Extracted records
------------
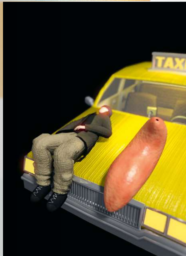
Visuel de l'exposition Are we there yet? , 2024 ©Woojung Yim et Abel Duché
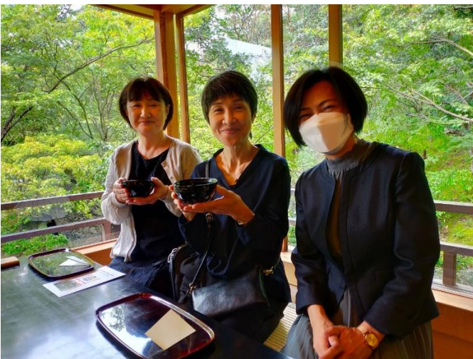
⑧-3 和楽亭にて (賢木会、2年、副支部長)
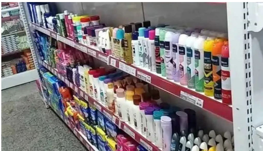
Drogaria resende do proprietario
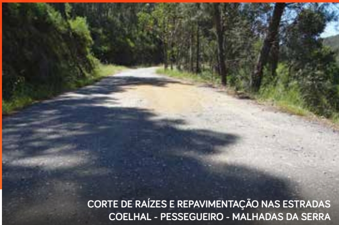
CORTE DE RAÍZES E REPAVIMENTAÇÃO NAS ESTRADAS COELHAL - PESSEGUIERO - MALHADAS DA SERRA
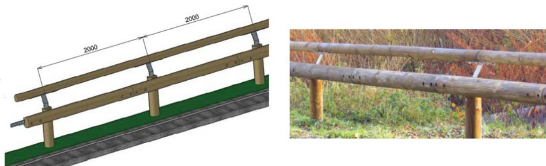
Figura nº 4: barrera de protección ciclista proyectado en Glorieta Areta.

Por último, en el entorno de la glorieta de Areta se dispone una barandilla similar a la anterior pero específica para límites de carriles bici (ver figura nº 4).
------------
• _PROBLEM TO WORK ON_:
Please copy exactly the lines from the one containing "Drogaria resende do proprietario" through the last line of the records above, both included, and leave out any pictures.

• _EXERCISE OUTPUT_:
Drogaria resende do proprietario
CORTE DE RAÍZES E REPAVIMENTAÇÃO NAS ESTRADAS COELHAL - PESSEGUIERO - MALHADAS DA SERRA
Figura nº 4: barrera de protección ciclista proyectado en Glorieta Areta.

Por último, en el entorno de la glorieta de Areta se dispone una barandilla similar a la anterior pero específica para límites de carriles bici (ver figura nº 4).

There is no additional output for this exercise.